Problem details: Excluding images, repeat the data exactly as given.

Collected data:

⁂

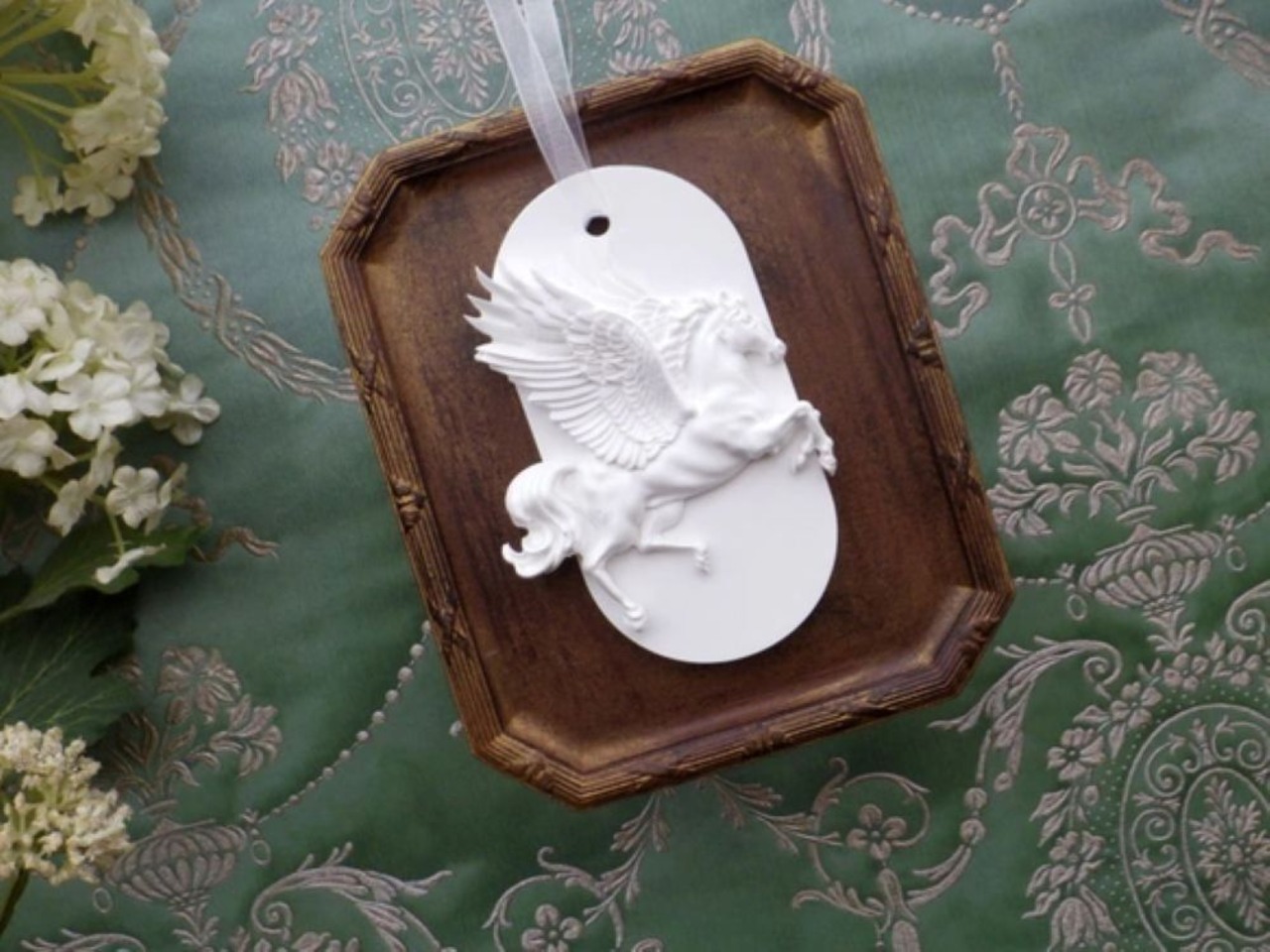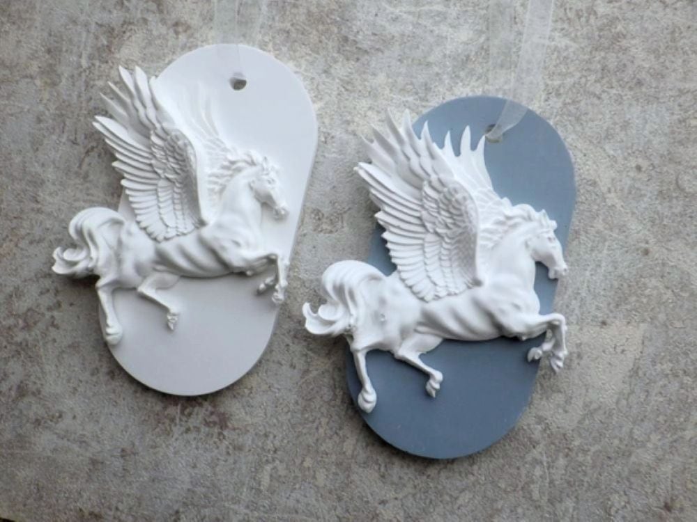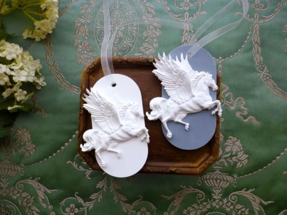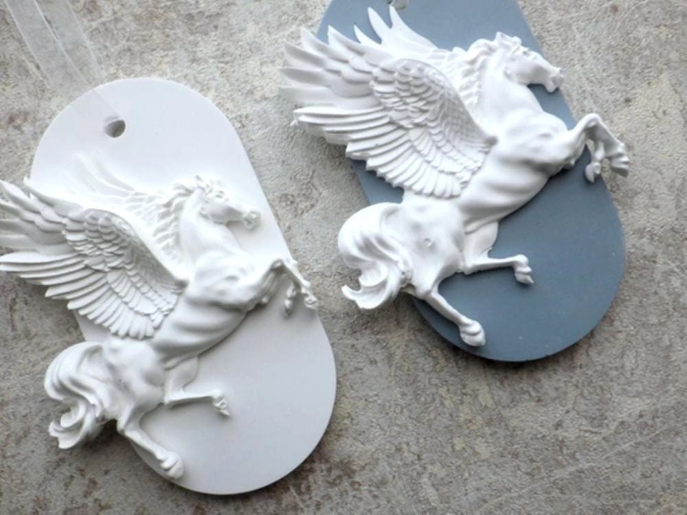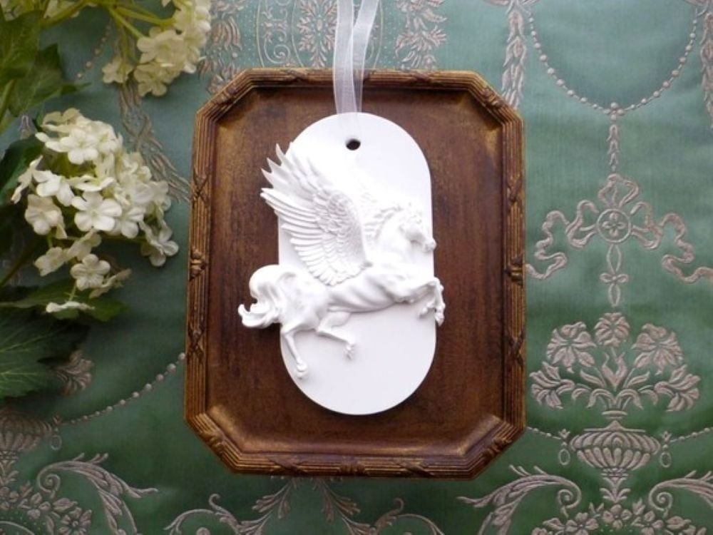 聖なる珍獣、神獣であるペガサスが空を駆け上がる姿をモチーフにした、シンプルでありつつ上品で繊細な仕上がりのアロマストーン製のオーナメント。
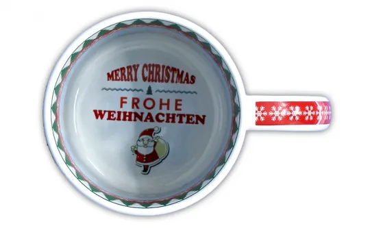 Kaffeebecher mit Henkel in Form eines Nicolaus / Weihnachtsmann zum individuellen gestalten und bedrucken. Unsere günstiger Kaffeebecher mit Nicolaus / Weihnachtsmann Henkel ist ideal zum verschenken für die Winterzeit. Bedruckter Sie den Kaffeebecher mit lustigen Motiven oder persönlichen Fotos als ausgefallene Geschenkidee zum Weihnachtsmarkt
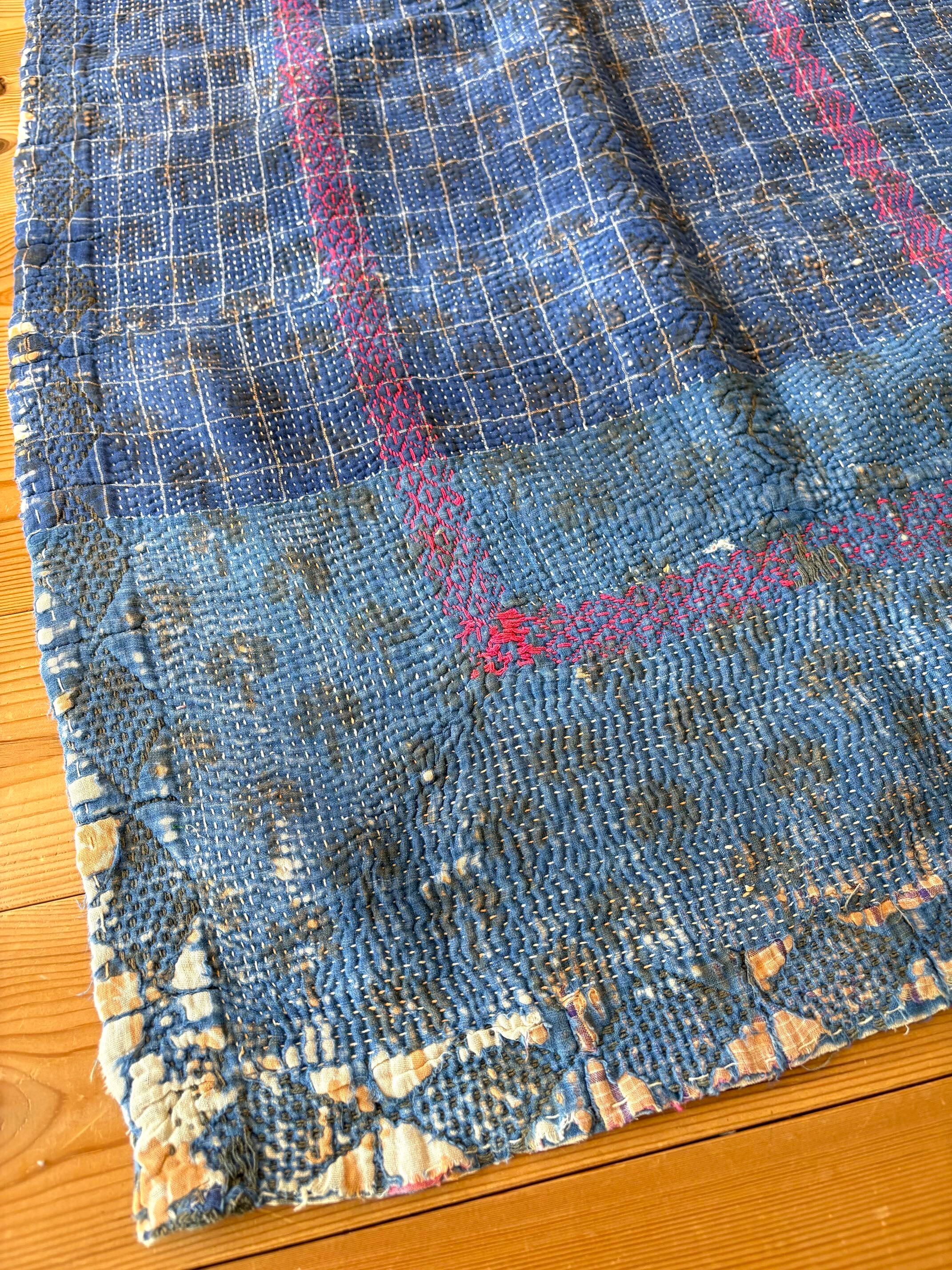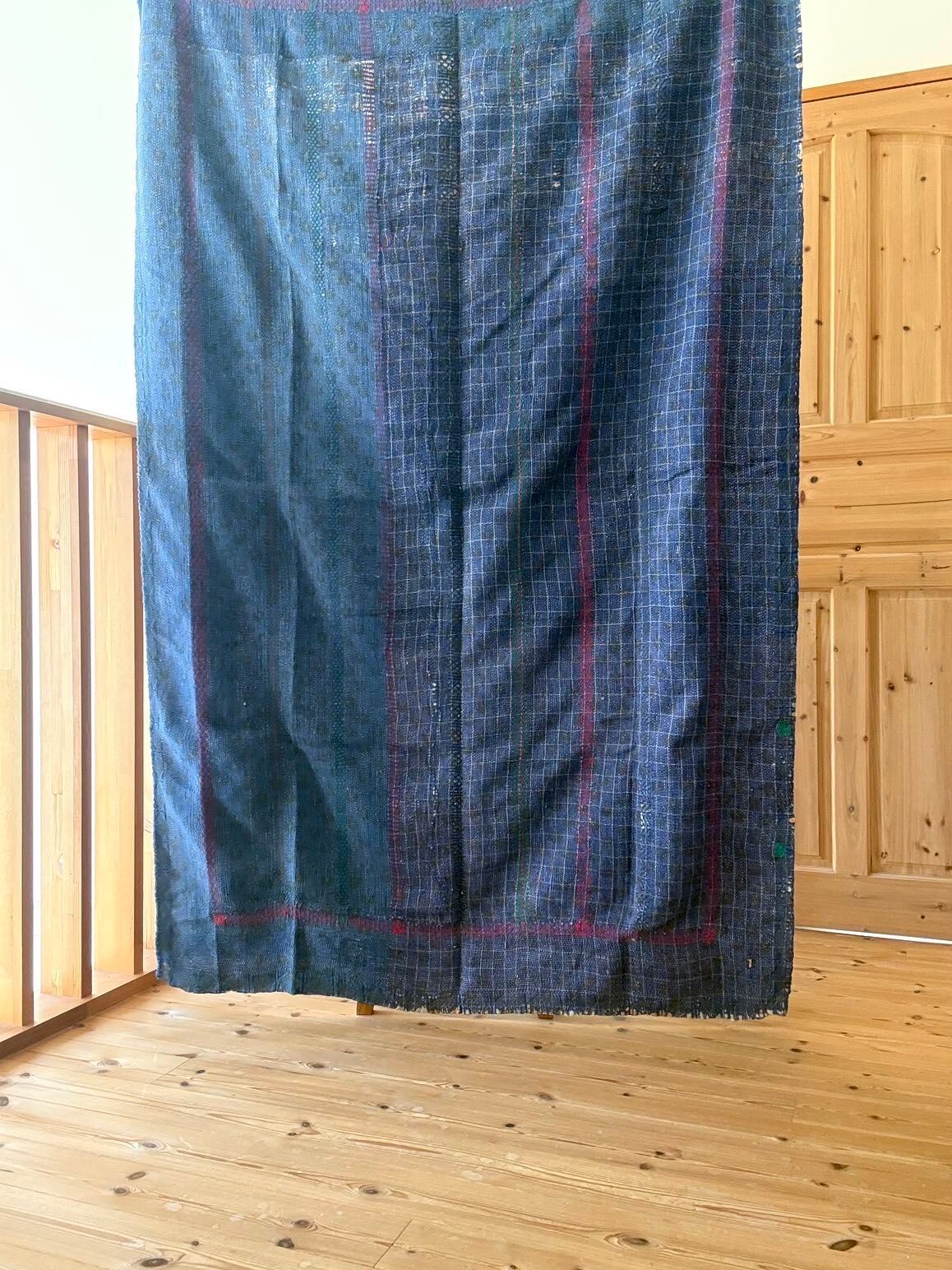 「これは絶対にお客様に届けたい」と感じた一枚。インドの風景や、作り手さんの手の動きが目に浮かぶような、味わい深いキルトです。
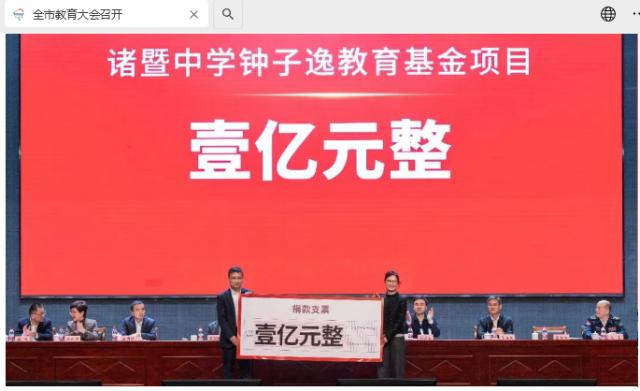 中国首富钟睒睒捐1亿设诸暨中学钟子逸教育基金项目
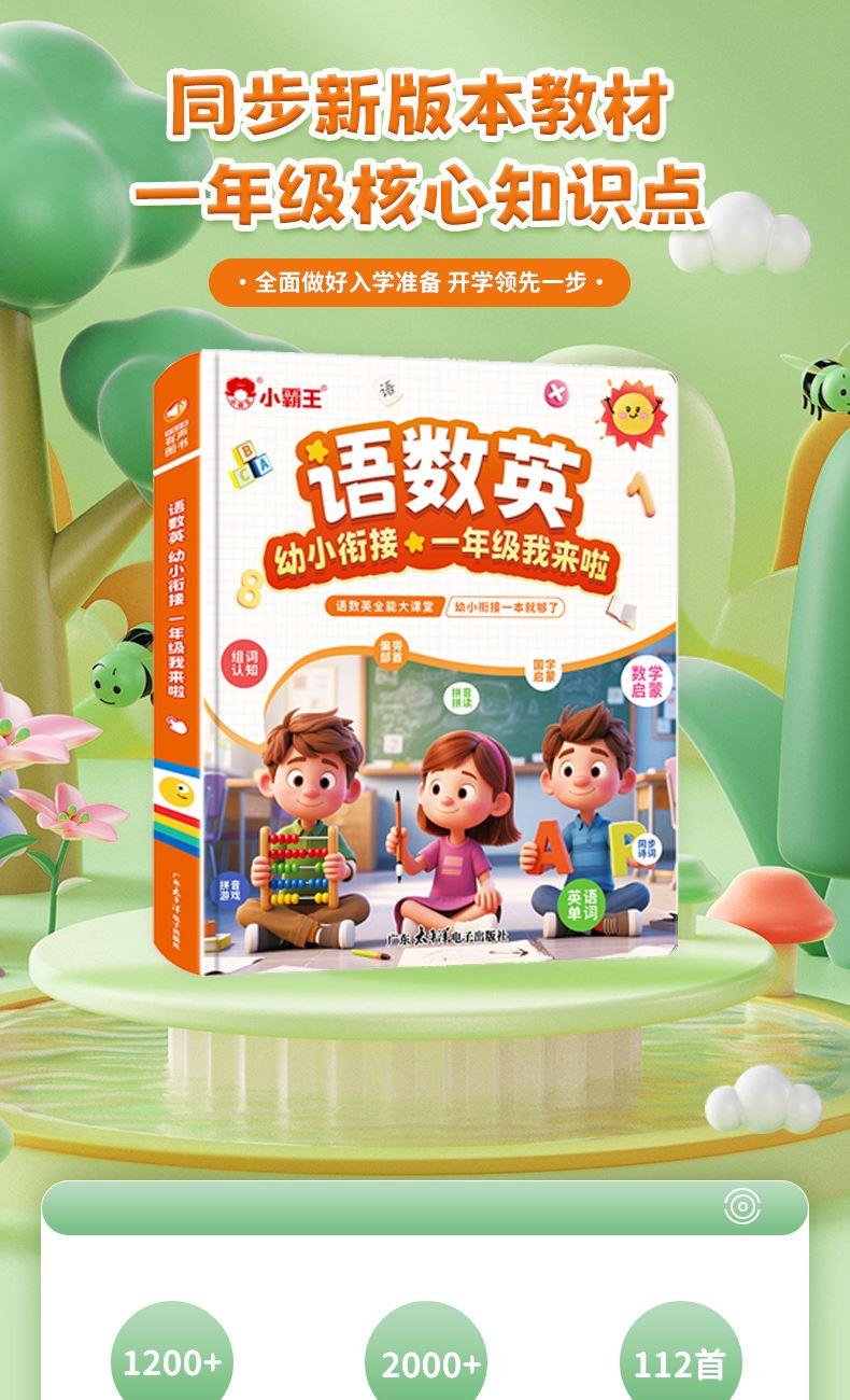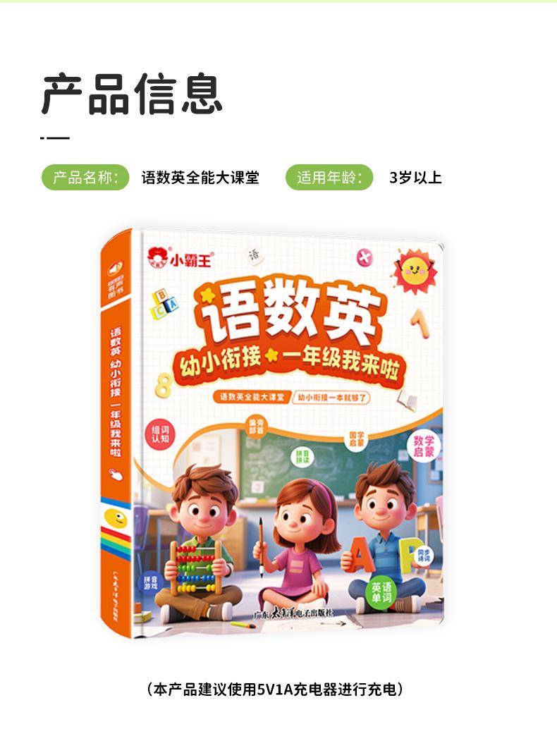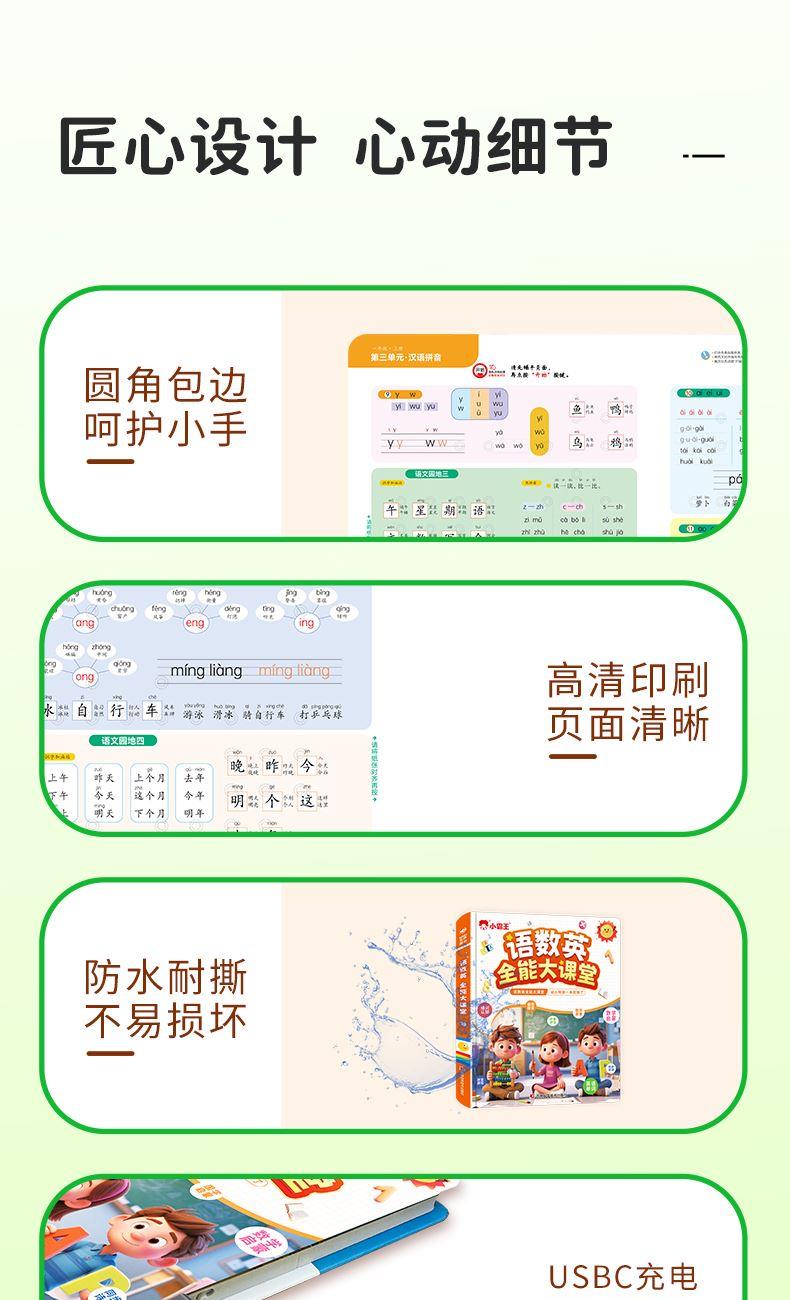 点读书+充电线+说明书+包装盒 1、幼小衔接的手指点读发声书,2000+识字,4000+组词,112首古诗 ,数学基础,英文字母,一本顶6本,合计12开面,59页,同步新版本教材一年级核心知识点,想听就听,提高孩子的学习兴趣和效率! 2、可增大音量,减小音量,根据宝宝的需要调整到适合的音量,呵护宝宝的听力发育。点读灵敏,真人录音发音清晰,想学哪里点哪里。每张都有自己的专属开关设计,避免出现串音,宝宝学习时更清晰,更专注。 3、厚实铜版纸,双面覆膜 ,不易撕烂,即防水又防污,并且还是环保油墨印刷,无异味,安全有保障。圆角书页切边,不割手,避免锐角伤害。 4、USB数据线充电,有3C认证,满电可连续使用4小时以上,让宝宝随地安心学习
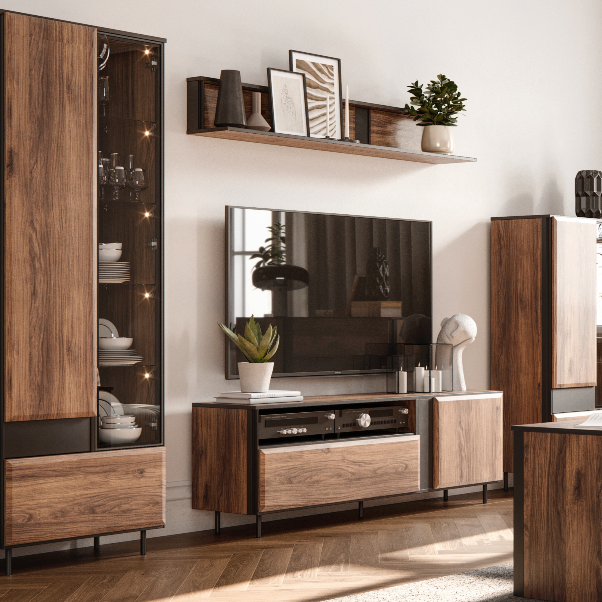 Nástěnná police BORGA nechá vyniknout vaše oblíbené knihy i dekorace. Kombinace dřevěného dekoru a kovu vnáší do interiéru jemný závan industriálního stylu.

⁂

Answer to the problem:
 聖なる珍獣、神獣であるペガサスが空を駆け上がる姿をモチーフにした、シンプルでありつつ上品で繊細な仕上がりのアロマストーン製のオーナメント。
 Kaffeebecher mit Henkel in Form eines Nicolaus / Weihnachtsmann zum individuellen gestalten und bedrucken. Unsere günstiger Kaffeebecher mit Nicolaus / Weihnachtsmann Henkel ist ideal zum verschenken für die Winterzeit. Bedruckter Sie den Kaffeebecher mit lustigen Motiven oder persönlichen Fotos als ausgefallene Geschenkidee zum Weihnachtsmarkt
 「これは絶対にお客様に届けたい」と感じた一枚。インドの風景や、作り手さんの手の動きが目に浮かぶような、味わい深いキルトです。
 中国首富钟睒睒捐1亿设诸暨中学钟子逸教育基金项目
 点读书+充电线+说明书+包装盒 1、幼小衔接的手指点读发声书,2000+识字,4000+组词,112首古诗 ,数学基础,英文字母,一本顶6本,合计12开面,59页,同步新版本教材一年级核心知识点,想听就听,提高孩子的学习兴趣和效率! 2、可增大音量,减小音量,根据宝宝的需要调整到适合的音量,呵护宝宝的听力发育。点读灵敏,真人录音发音清晰,想学哪里点哪里。每张都有自己的专属开关设计,避免出现串音,宝宝学习时更清晰,更专注。 3、厚实铜版纸,双面覆膜 ,不易撕烂,即防水又防污,并且还是环保油墨印刷,无异味,安全有保障。圆角书页切边,不割手,避免锐角伤害。 4、USB数据线充电,有3C认证,满电可连续使用4小时以上,让宝宝随地安心学习
 Nástěnná police BORGA nechá vyniknout vaše oblíbené knihy i dekorace. Kombinace dřevěného dekoru a kovu vnáší do interiéru jemný závan industriálního stylu.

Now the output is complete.